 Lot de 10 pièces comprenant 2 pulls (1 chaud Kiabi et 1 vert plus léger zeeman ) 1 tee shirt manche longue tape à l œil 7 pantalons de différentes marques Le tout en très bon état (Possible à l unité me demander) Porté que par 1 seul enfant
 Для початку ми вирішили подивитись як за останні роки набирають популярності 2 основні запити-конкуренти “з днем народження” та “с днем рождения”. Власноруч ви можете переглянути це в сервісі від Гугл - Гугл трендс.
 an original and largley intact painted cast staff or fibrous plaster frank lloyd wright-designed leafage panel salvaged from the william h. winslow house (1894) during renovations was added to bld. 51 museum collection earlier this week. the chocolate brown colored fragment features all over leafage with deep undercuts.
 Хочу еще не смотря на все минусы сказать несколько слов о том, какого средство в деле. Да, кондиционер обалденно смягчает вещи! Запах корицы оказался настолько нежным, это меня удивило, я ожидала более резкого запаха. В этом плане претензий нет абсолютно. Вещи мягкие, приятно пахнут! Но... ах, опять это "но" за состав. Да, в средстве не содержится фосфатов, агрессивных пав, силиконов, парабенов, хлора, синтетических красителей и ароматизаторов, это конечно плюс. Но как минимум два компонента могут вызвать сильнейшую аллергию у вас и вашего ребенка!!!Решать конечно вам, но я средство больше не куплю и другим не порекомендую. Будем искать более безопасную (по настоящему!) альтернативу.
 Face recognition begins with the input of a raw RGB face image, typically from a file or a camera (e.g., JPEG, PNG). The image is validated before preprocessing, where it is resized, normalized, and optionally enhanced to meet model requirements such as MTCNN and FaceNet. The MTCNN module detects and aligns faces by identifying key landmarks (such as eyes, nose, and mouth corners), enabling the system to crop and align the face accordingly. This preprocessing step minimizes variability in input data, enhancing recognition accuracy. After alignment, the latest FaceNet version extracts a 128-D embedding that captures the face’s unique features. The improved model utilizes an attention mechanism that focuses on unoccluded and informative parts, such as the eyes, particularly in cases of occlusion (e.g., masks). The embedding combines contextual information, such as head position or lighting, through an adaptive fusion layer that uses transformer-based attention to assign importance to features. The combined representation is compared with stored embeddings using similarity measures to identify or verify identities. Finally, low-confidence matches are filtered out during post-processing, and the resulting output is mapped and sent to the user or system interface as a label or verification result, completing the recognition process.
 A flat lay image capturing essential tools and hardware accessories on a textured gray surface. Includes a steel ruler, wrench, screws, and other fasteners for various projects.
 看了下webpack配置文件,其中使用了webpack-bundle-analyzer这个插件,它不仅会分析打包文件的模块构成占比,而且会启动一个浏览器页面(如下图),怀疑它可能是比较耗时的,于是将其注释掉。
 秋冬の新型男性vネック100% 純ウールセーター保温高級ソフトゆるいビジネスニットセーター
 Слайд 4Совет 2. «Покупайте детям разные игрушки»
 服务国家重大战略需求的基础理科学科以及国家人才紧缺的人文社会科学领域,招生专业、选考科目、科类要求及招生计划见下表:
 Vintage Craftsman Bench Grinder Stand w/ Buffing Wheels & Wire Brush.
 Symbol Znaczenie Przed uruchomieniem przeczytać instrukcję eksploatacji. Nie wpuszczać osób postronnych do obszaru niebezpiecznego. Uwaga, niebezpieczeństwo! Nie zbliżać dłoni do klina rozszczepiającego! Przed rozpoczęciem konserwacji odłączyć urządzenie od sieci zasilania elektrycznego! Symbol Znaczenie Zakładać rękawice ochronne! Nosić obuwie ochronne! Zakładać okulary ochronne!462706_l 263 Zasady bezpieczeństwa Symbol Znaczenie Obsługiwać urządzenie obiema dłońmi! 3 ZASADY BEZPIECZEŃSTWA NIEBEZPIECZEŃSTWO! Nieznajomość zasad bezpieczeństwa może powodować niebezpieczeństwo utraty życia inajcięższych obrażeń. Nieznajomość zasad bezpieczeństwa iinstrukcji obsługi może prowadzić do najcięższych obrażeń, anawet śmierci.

◆ ◆ ◆ ◆ ◆

To do -> Only the lines from the one containing "服务国家重大战略需求的基础理" through the end of the entries above should be written out, exactly and in full.

Task output ->
 服务国家重大战略需求的基础理科学科以及国家人才紧缺的人文社会科学领域,招生专业、选考科目、科类要求及招生计划见下表:
 Vintage Craftsman Bench Grinder Stand w/ Buffing Wheels & Wire Brush.
 Symbol Znaczenie Przed uruchomieniem przeczytać instrukcję eksploatacji. Nie wpuszczać osób postronnych do obszaru niebezpiecznego. Uwaga, niebezpieczeństwo! Nie zbliżać dłoni do klina rozszczepiającego! Przed rozpoczęciem konserwacji odłączyć urządzenie od sieci zasilania elektrycznego! Symbol Znaczenie Zakładać rękawice ochronne! Nosić obuwie ochronne! Zakładać okulary ochronne!462706_l 263 Zasady bezpieczeństwa Symbol Znaczenie Obsługiwać urządzenie obiema dłońmi! 3 ZASADY BEZPIECZEŃSTWA NIEBEZPIECZEŃSTWO! Nieznajomość zasad bezpieczeństwa może powodować niebezpieczeństwo utraty życia inajcięższych obrażeń. Nieznajomość zasad bezpieczeństwa iinstrukcji obsługi może prowadzić do najcięższych obrażeń, anawet śmierci.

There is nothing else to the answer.